Getting Started with Apache Pinot: Lesson 3 – Batch Ingest

Written By

Fasih Khatib

Developer Advocate at StarTree

Published

April 23, 2025

Reading Time

This is the third lesson in the Apache Pinot 101 Tutorial Series:

In the last lesson you learned how to ingest data from a Kafka topic. In addition to streaming ingestion, Apache Pinot supports batch ingestion from files stored in the local file system or in cloud storage. In this lesson, you’ll explore how to ingest a CSV file into Pinot.

Let’s ingest a file which contains information about Bitcoin being bought and sold. The rows of the file are shown below.

id	side	time_ms	size
1	buy	1742205882000	1
2	sell	1742205910000	0.5
3	buy	1742205945000	1

There are three rows which show that Bitcoin is bought two times and sold once for a total of 1.5 coins. We’ll ingest these rows into a table and write a query which gives us the same result.

To ingest data from a file, we need to create an offline table, in contrast to the real-time table that we saw in the previous post.

Tables in Pinot come in three different types – realtime, offline, and hybrid. Realtime tables ingest data from streaming sources like Kafka, Kinesis, or Pulsar. Offline tables ingest data from batch sources like the local filesystem or a blob store like S3. A hybrid table ingests data from both realtime and batch sources.

Like we did last time, start by creating the schema for the table.


{
 "schemaName": "portfolio",
 "enableColumnBasedNullHandling": true,
 "dimensionFieldSpecs": [
   {
     "name": "id",
     "dataType": "LONG"
   },
   {
     "name": "side",
     "dataType": "STRING"
   },
   {
     "name": "size",
     "dataType": "FLOAT"
   }
 ],
 "dateTimeFieldSpecs": [
   {
     "name": "time_ms",
     "dataType": "LONG",
     "format": "1:MILLISECONDS:EPOCH",
     "granularity": "1:MILLISECONDS",
     "notNull": true
   }
 ],
 "primaryKeyColumns": [
   "id"
 ],
 "metricFieldSpecs": []
}
Code language: JSON / JSON with Comments (json)

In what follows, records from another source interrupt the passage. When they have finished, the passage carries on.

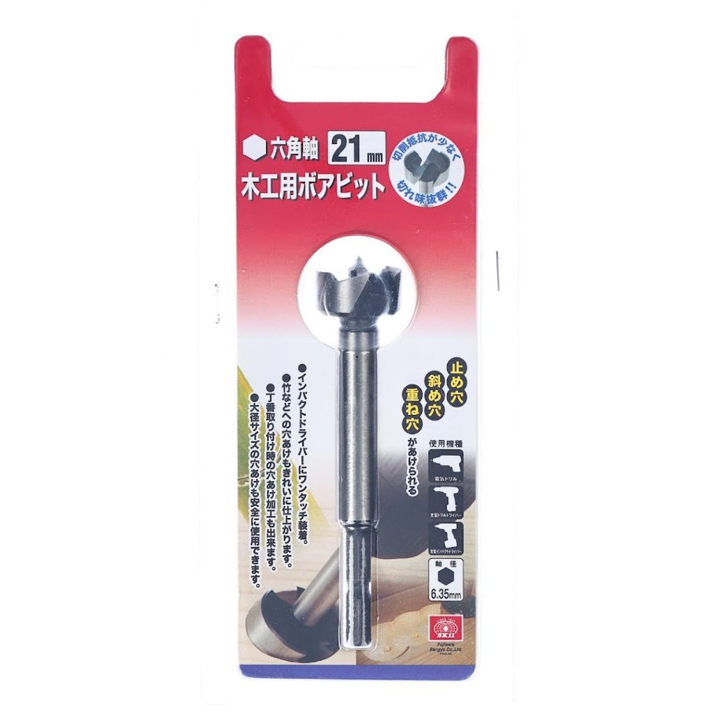 The SK11 Woodworking Bore Bit (21 mm) is expertly designed for precision drilling in wood and bamboo, featuring a hexagonal shank that ensures a secure fit in impact drivers, cordless drills, and electric drills. Its special tip shape and relief angle cutting edge minimize cutting resistance, allowing smooth and efficient drilling. Ideal for various woodworking tasks, this bit excels at creating stop holes, angled holes, and overlapping holes with clean edges. The durable construction and user-friendly design make it an essential tool for professional and DIY woodworking projects.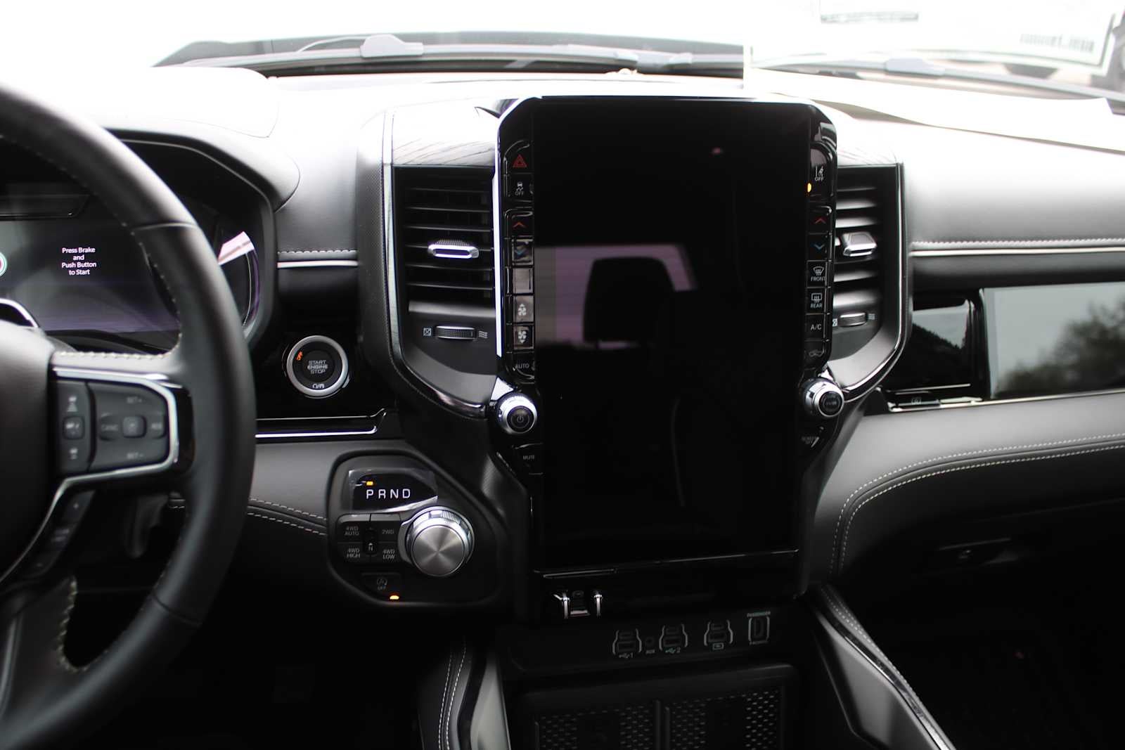 LIMITED LEVEL A EQUIPMENT GROUP Surround View Camera System, LED CHMSL Lamp, Tri-Fold Tonneau Cover, Traffic Sign Recognition, RamBox Cargo Management System, Hands-Free Active Driving Assist System, Head Up Display, Evasive Steer Assist, Drowsy Driver Detection, Exterior 115V AC Outlet, Intersection Collision Assist System, Smartphone As A Key Capable, 14.4 Touchscreen Display, Radio: Uconnect 5 Nav w/14.4 Display, 240 Amp Alternator, 12-Way/1-Way Trailer Connector, NIGHT EDITION Tires: 285/45R22XL BSW All Season, Black Headlamp Bezels, Wheels: 22 x 9 Premium Black Aluminum, Pirelli Brand Tires, Accent Color Door Handles, Body Color Front Bumper, Body Color Rear Bumper w/Step Pads, RAM Grille Badge - Black, Black Painted Exterior Mirrors Caps, Accent Color Premium Power Mirrors, Sport Performance Hood, Black Exterior Truck Badging, Black Day Light Opening Moldings, Accent Color Tailgate Handle, Dual Exhaust w/Black Tips, Black Grille Surround Texture 7 Black, Black Tail Lamp Bezels, DUAL-PANE PANORAMIC SUNROOF LED Dome/Reading Lamp, Dome Dual LED Reading Lamp, MULTI-FUNCTION TAILGATE Remote Tailgate Release, RAMs Head Badge, TRANSMISSION: 8-SPEED AUTOMATIC (8HP75) (STD), ENGINE: 3.0L I6 HURRICANE HO TWIN TURBO ESS (STD). Ram Limited with Granite Crystal Metallic Clearcoat exterior and Black interior features a Straight 6 Cylinder Engine.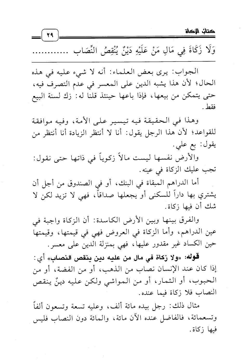 قوله: «ولا زكاة في مال من عليه دين ينقص النصاب» أي: إذا كان عند الإنسان نصاب من الذهب، أو من الفضة، أو من الحبوب، أو الثمار، أو من المواشي ولكن عليه دينٌ ينقص النصاب فلا زكاة فيما عنده.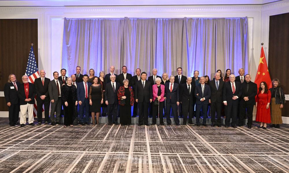 当地时间11月15日晚,国家主席习近平在美国旧金山出席美国友好团体联合举行的欢迎宴会。这是宴会开始前,习近平会见飞虎队和史迪威将军后人、鼓岭、艾奥瓦州、华盛顿州等方面友好人士代表,同他们亲切交谈并合影留念。新华社记者 谢环驰 摄
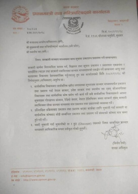 काठमाण्डु– नेपाल सरकार, प्रधानमन्त्री तथा मन्त्रिपरिषद्को कार्यालयले सरकारी खर्चमा मितव्ययिता कायम गर्न तथा सूचना प्रवाहलाई एकरूप र पारदर्शी बनाउन सरकारी सञ्चार माध्यममार्फत मात्रै सूचना प्रकाशन तथा प्रसारण गर्न निर्देशन दिएको छ ।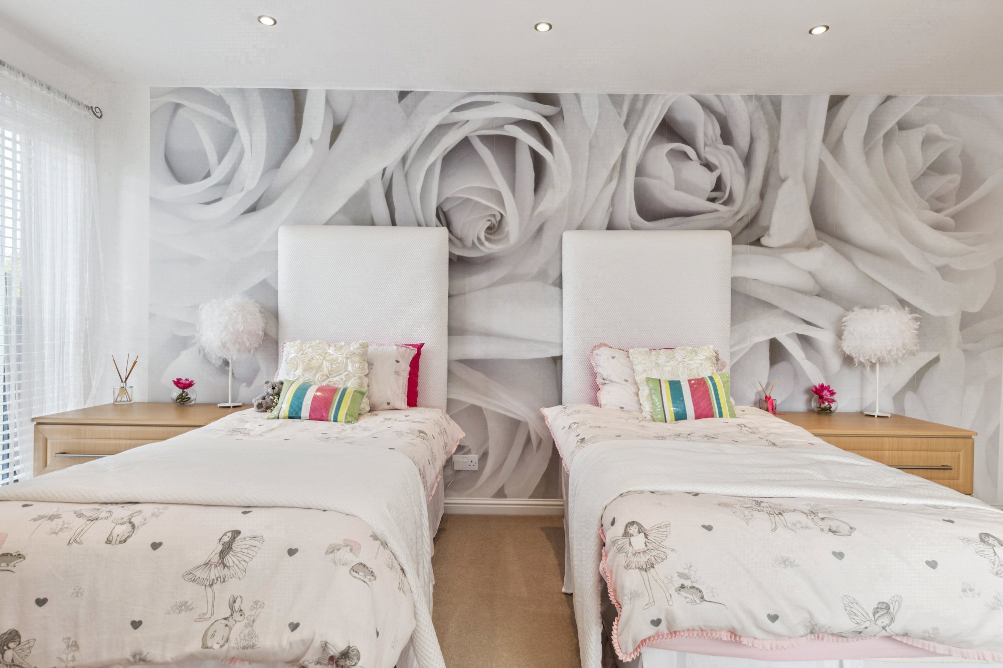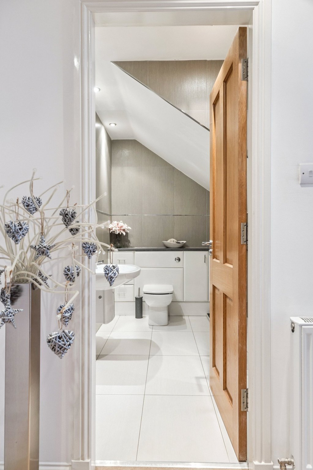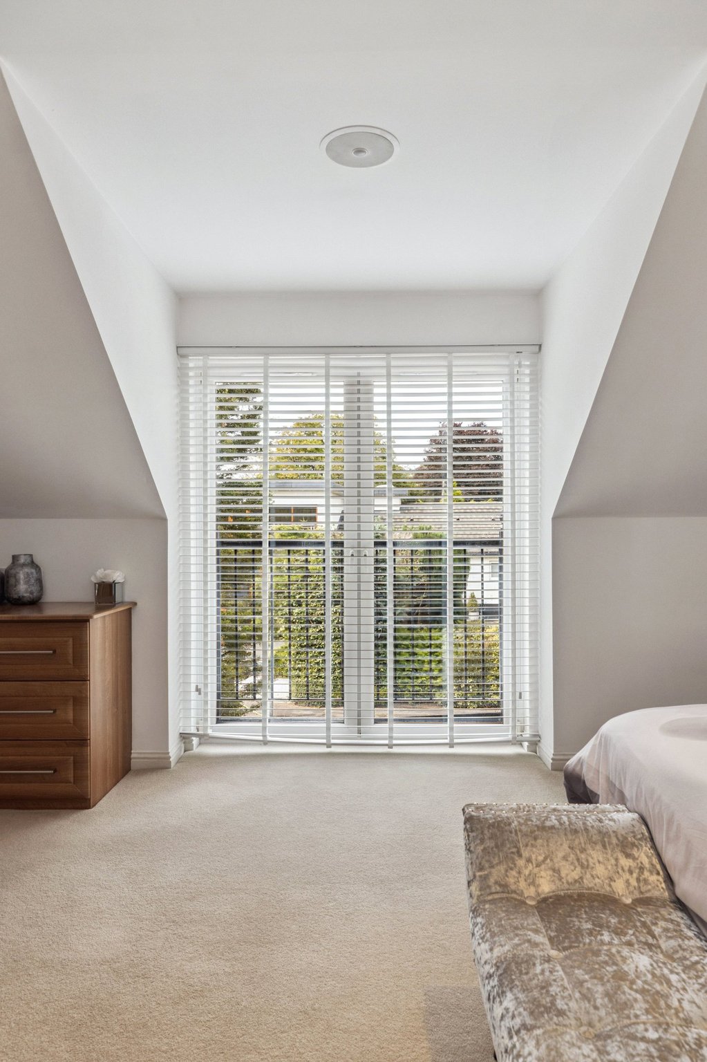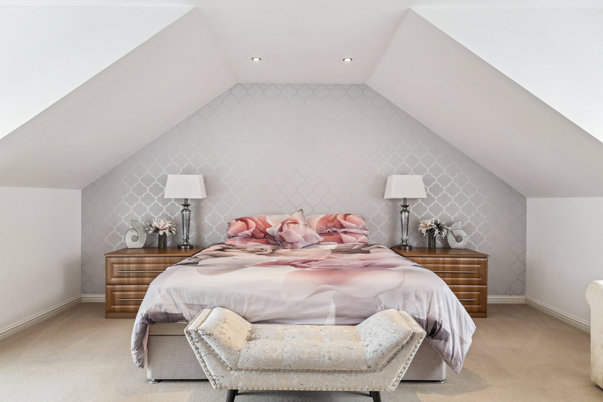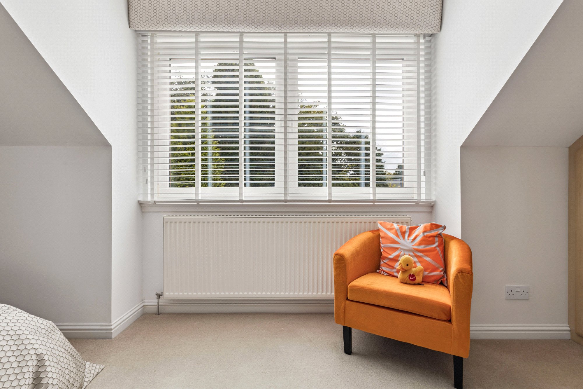 Upstairs, the oak staircase leads to a spacious landing and five generous double bedrooms. The principal suite is particularly impressive, featuring fitted wardrobes, a Juliet balcony overlooking the gardens, and its own stylish en suite shower room. Two further bedrooms enjoy en suite facilities, while the remaining rooms are served by a beautifully finished family bathroom with a separate shower enclosure. All bedrooms benefit from fitted storage and excellent proportions, making this an ideal home for larger families.

The schema defines a table called “portfolio” and has information about the columns it will contain. Next, create the table configuration.


{
 "tableName": "portfolio",
 "tableType": "OFFLINE",
 "segmentsConfig": {
   "replication": 1,
   "schemaName": "portfolio",
   "timeColumnName": "time_ms"
 },
 "tenants": {},
 "tableIndexConfig": {},
 "ingestionConfig": {},
 "metadata": {}
}
Code language: JSON / JSON with Comments (json)

Notice how the type of the table is OFFLINE. This indicates that the table will store information from batch sources.

Finally, write a job specification file in YAML which will tell Pinot to ingest the CSV file. The content of the YAML file is given below.


executionFrameworkSpec:
 name: 'standalone'
 segmentGenerationJobRunnerClassName: 'org.apache.pinot.plugin.ingestion.batch.standalone.SegmentGenerationJobRunner'
 segmentTarPushJobRunnerClassName: 'org.apache.pinot.plugin.ingestion.batch.standalone.SegmentTarPushJobRunner'
jobType: SegmentCreationAndTarPush
inputDirURI: '/tmp/files'
includeFileNamePattern: 'glob:**/*.csv'
outputDirURI: '/tmp/files'
overwriteOutput: true
pinotFSSpecs:
 - scheme: file
   className: org.apache.pinot.spi.filesystem.LocalPinotFS
recordReaderSpec:
 dataFormat: 'csv'
 className: 'org.apache.pinot.plugin.inputformat.csv.CSVRecordReader'
 configClassName: 'org.apache.pinot.plugin.inputformat.csv.CSVRecordReaderConfig'
tableSpec:
 tableName: 'portfolio'
pinotClusterSpecs:
 - controllerURI: 'http://localhost:9000'
pushJobSpec:
 pushParallelism: 2
 pushAttempts: 2
Code language: JavaScript (javascript)

Let’s look at the various sections of the file.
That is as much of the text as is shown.